The shares must be qualified small business stock. Code Section 1202(c). Qualified small business stock is stock in a C corporation, issued after August 10, 1993, when the corporation is a “qualified small business,” and when the non-corporate taxpayer acquires the shares at original issue using cash, property or certain services.[2]

To be a qualified small business, the corporation issuing the stock must meet an active business requirement in a qualified trade or business during substantially all of the taxpayer’s holding period for the stock.[3]  The corporation meets the active business requirement if at least 80% (by value) of the corporation’s assets are used to conduct one or more qualified trades or businesses, and the corporation is an eligible corporation.[4]  A corporation engaged in start-up activities described in Code Section 195(c)(1)(A) is treated as actively conducting a qualified trade or business.[5]  The corporation’s aggregate gross assets before the issuance of the shares and immediately after the issuance of the shares must not exceed $50,000,000 and the corporation must agree to submit reports to the Secretary of the Treasury as required.[6]  Gross assets are computed based on the cash and aggregate adjusted basis of property held by the corporation.[7]  For property contributed to the corporation, however, the basis for this purpose is treated as the fair market value as of the date of contribution.[8]
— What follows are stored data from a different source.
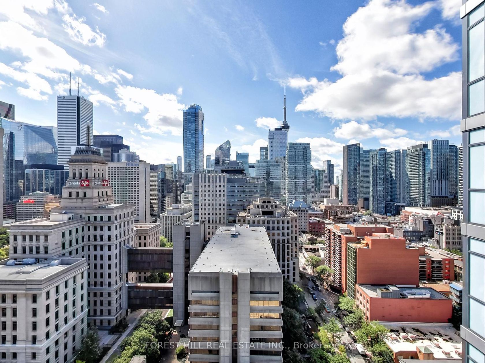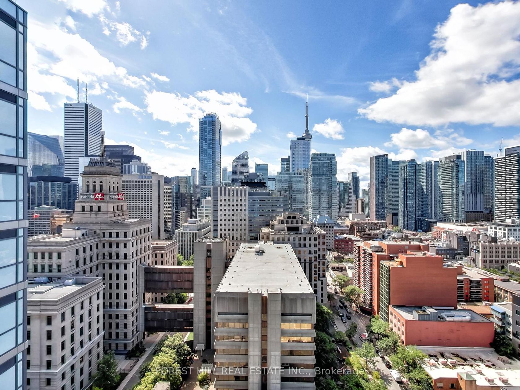 A rare opportunity to own one of the most coveted suites in this highly desirable building. This spacious and wide 1 bedroom plus den suite offers the most sought-after layout one of only a few like it in the entire residence.Unobstructed South Views from the 23rd floor, showcasing the Toronto skyline and CN Tower.Bright and Sun-filled Floor Plan with every inch perfectly utilized.Expansive Living Area and large south-facing balcony for indoor-outdoor enjoyment.9-foot industrial-style ceilings for a modern, airy feel.Freshly finished interiors in move-in ready condition.The building is surrounded by one-way streets due to proximity to US Consulate, providing residents with a quiet residential feel and limited traffic. Situated at University & Dundas, you're just steps away from major hospitals, U of T, TMU, Art Gallery of Ontario, 2-minute walk to the subway, theatres, top restaurants,Financial and Entertainment Districts.Parking & locker included for ultimate convenience. Residents enjoy access to a 3rd floor terrace, party room, lounge, fully equipped gym, yoga studio, and more. Pets are also welcome. This is truly an exquisite opportunity rarely available, highly desirable suite in an unbeatable location.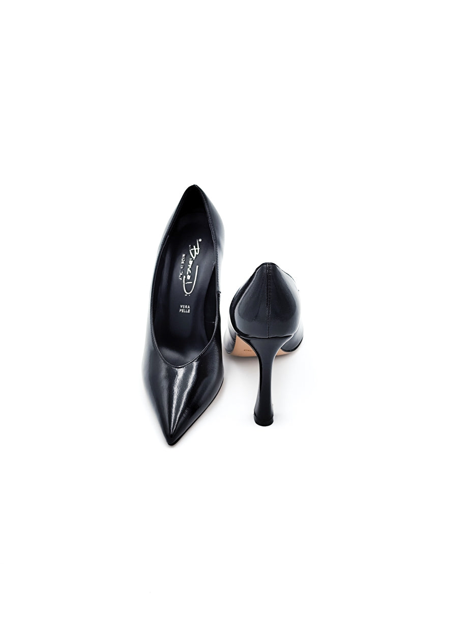 Décolleté in pelle nera, eleganza e quotidianità al tempo stesso per gli amanti del tacco alto. Fondo con 1/2 piantina in gomma e altezza tacco 9 cm.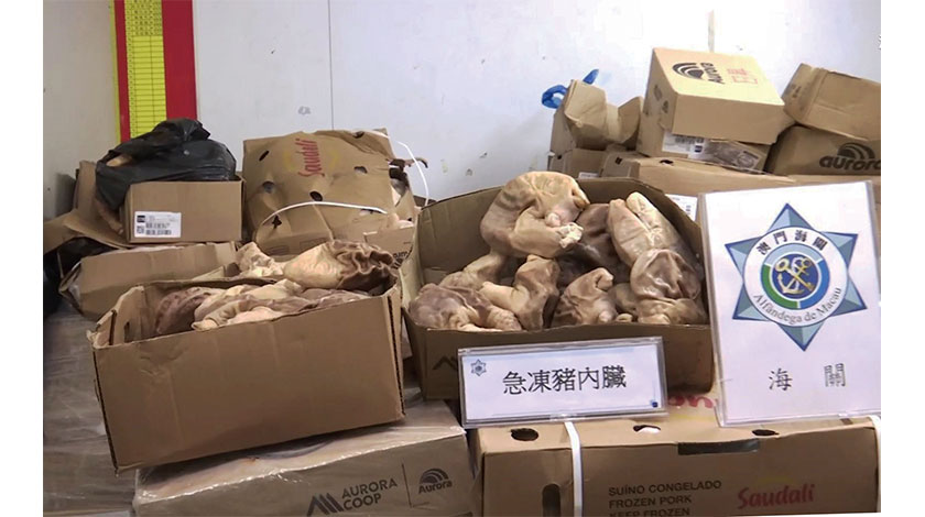 由於該批急凍豬內臟存放室溫環境,溫度不足,存在食安風險不宜食用,海關已通報市政署跟進。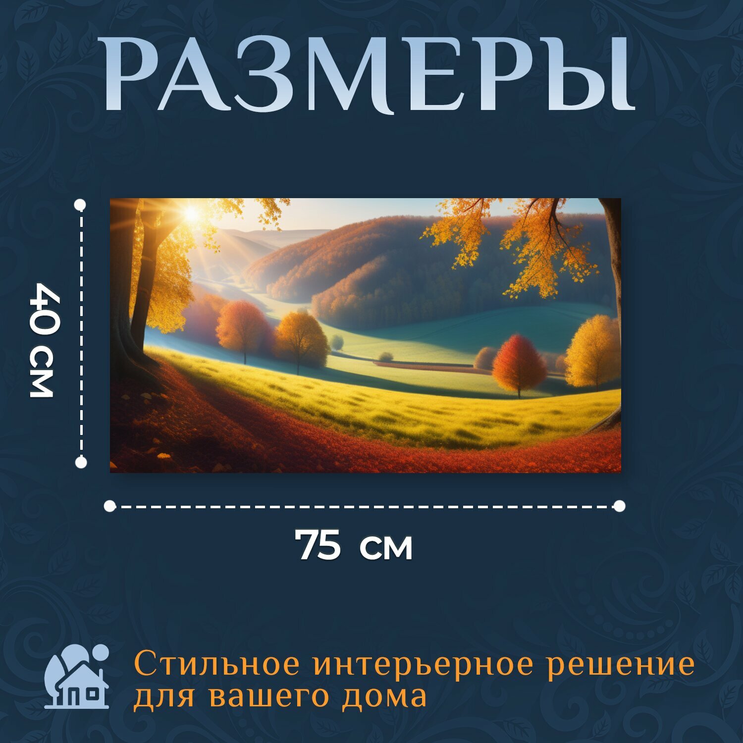 Картина на холсте "Осень пейзаж с фото, " на подрамнике 75х40 см. для интерьера интересное: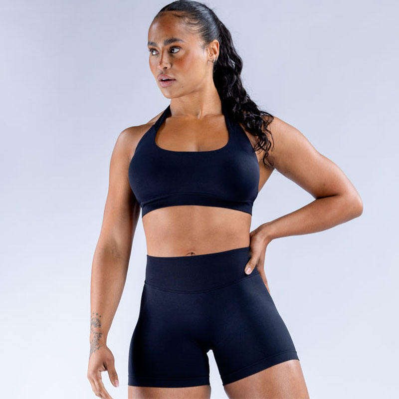ชุดโยคะ2ชิ้นคอวีแขนยาวระบายอากาศได้ดีเลกกิ้งผ้ายืดสูงแห้งเร็วโลโก้ด้านหน้าตามสั่ง

The non-corporate taxpayer must acquire the stock at its original issue for money or other property (not including stock), or as compensation for services provided to the corporation (other than services as an underwriter of the stock).[9]  For shares issued after 2010, there is the added benefit of no alternative minimum tax on the sale of qualified shares.[10]

The corporation must also engage in a qualified trade or business. A qualified trade or business is any trade or business other than the performance of services in health, law, engineering, architecture, accounting, actuarial science, performing arts, consulting, athletics, banking and certain financial and investment businesses, farming (including the production and harvesting of trees), businesses involving production or extraction of products eligible for percentage depletion, any trade or business where the principal asset of such trade or business is the reputation or skill of one or more of its employees, and any business of operating a hotel, motel, restaurant, or similar business[11]. An eligible corporation generally is any domestic corporation other than a cooperative, a real estate investment trust, a domestic international sales corporation (DISC) or former DISC, a regulated investment company, or a real estate mortgage investment conduit.[12]
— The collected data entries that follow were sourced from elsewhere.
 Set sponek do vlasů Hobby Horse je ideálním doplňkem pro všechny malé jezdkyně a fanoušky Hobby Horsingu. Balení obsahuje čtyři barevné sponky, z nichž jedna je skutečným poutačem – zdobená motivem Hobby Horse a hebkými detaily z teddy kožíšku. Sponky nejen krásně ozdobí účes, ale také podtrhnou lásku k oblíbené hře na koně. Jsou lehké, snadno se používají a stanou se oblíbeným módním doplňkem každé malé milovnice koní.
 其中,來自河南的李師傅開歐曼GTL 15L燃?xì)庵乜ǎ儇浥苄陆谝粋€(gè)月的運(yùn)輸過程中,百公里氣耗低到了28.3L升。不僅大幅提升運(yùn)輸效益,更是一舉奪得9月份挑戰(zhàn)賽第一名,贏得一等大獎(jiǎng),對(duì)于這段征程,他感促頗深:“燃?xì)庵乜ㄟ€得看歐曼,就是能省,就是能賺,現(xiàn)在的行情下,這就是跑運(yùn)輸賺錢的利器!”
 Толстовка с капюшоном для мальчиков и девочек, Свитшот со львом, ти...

If these corporate and investment requirements are met, the non-corporate taxpayer is eligible to exclude gain in the amount of the greater of $10,000,000 or ten times the basis in the qualified shares.[13]  This amount is a lifetime limit so that prior exclusions with respect to the shares of the same corporation are aggregated.[14]  Considering that the non-corporate taxpayer can exclude tax on the gain for federal purposes without any alternative minimum tax effect for those acquiring shares after 2010, it is worth waiting for 5 years to reap the reward.[15]

If the capital gain is greater than the exclusion limit in Code Section 1202, there is the ability to reinvest the gain under Code Section 1045 and continue to exclude the gain, provided that the shares sold were held for more than 6 months, and the investment occurs within a 60-day period beginning on the date of such sale.[16]  Code Section 1045 requires the non-corporate taxpayer to invest the gain into shares of another qualified small business.[17]  This provision allows for the continued investment before tax into start-up companies and small businesses. The basis of the replacement stock is reduced to the extent of the gain deferred.[18]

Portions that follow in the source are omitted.